Polymorphs of 5-bromo-6-chloro-3-indoxyl caprylate characterized by the powder diffraction patterns as defined in FIG. 1 and FIG. 2.

Description

    FIELD OF THE INVENTION
  • The present invention relates to polymorphs of 5-bromo-6-chloro-3-indoxyl caprylate, a method of making the polymorphs as well as to a system for detecting an esterase comprising a polymorph of 5-bromo-6-chloro-3-indoxyl caprylate and methods of using the polymorphs or the system.
    • BACKGROUND OF THE INVENTION
  • 5-Bromo-6-chloro-3-indoxyl caprylate (synonyms are magenta caprylate or 5-bromo-6-chloro-3-indoxyl octanoate; CAS number 209347-94-4) of formula I
  • Figure US20230348385A1-20231102-C00001
  • is a chromogenic substrate used, e.g., for the detection of esterase activity. The esterase enzyme cleaves the ester bond releasing 5-bromo-6-chloro-1H-indol-3-ol, which in the presence of oxygen, e.g. in air, undergoes oxidative dimerization to yield 5,5′-dibromo-6,6′-dichloro-indigo, a magenta-colored chromophore (λmax of 565 nm). Since Salmonella, and some species of Klebsiella and Enterobacter, produce caprylate esterase, the 5-bromo-6-chloro-3-indoxyl caprylate chromogenic substrate is suitable, e.g., for the detection of pathogenic Salmonella species in food.
  • It is known that different crystalline solid forms, i.e. polymorphs (forms which have the same chemical composition, however, differ in the arrangement of the atoms contained therein) of active ingredients may have very different physicochemical properties. These differences may impact properties that are important for the processability and manageability thereof, such as dispersibility or solubility, dissolution rate, stability and storage. Polymorphs may also have an impact on production costs. Thus, the possible existence of polymorphs of a particular substance may be of crucial importance.

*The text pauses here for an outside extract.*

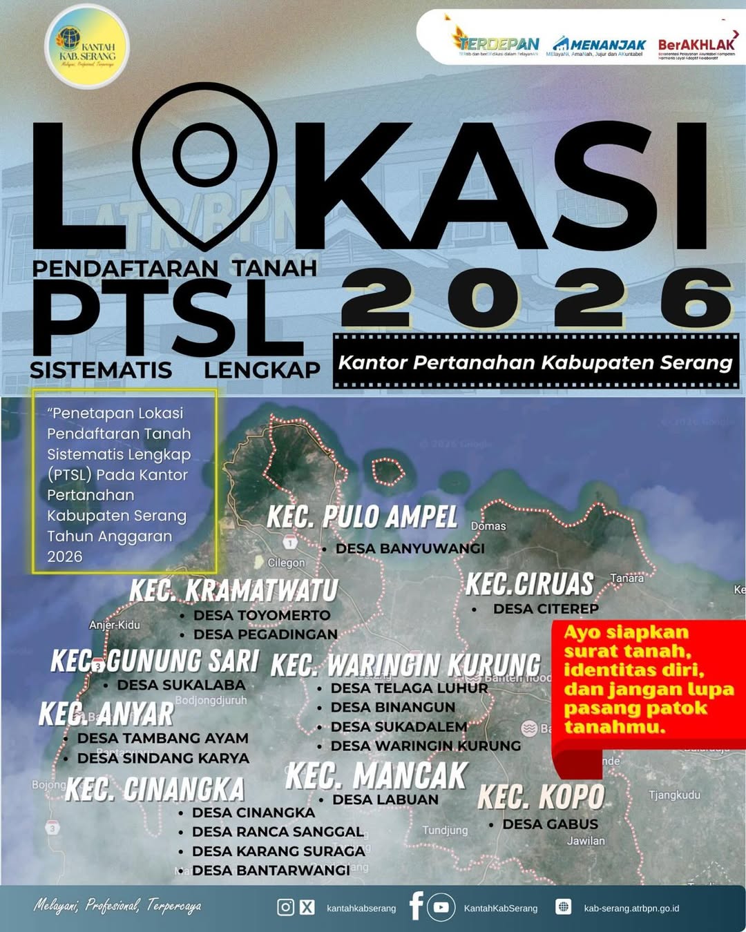 Kabar baik bagi masyarakat Kabupaten Serang! Program Pendaftaran Tanah Sistematis Lengkap (PTSL) Tahun 2026 kini resmi dibuka dengan lokasi pelaksanaan yang telah ditetapkan.

    • OBJECT OF THE INVENTION
  • It is the object of the present invention to provide polymorphs of 5-bromo-6-chloro-3-indoxyl caprylate.
    • SUMMARY OF THE INVENTION
  • In a first aspect, the present invention provides two polymorphs of 5-bromo-6-chloro-3-indoxyl caprylate.
  • In one embodiment, the invention relates to 5-bromo-6-chloro-3-indoxyl caprylate characterized by a powder diffraction pattern as defined in FIG. 1 .
  • In another embodiment, the invention relates to 5-bromo-6-chloro-3-indoxyl caprylate characterized by a powder diffraction pattern as defined in FIG. 2 .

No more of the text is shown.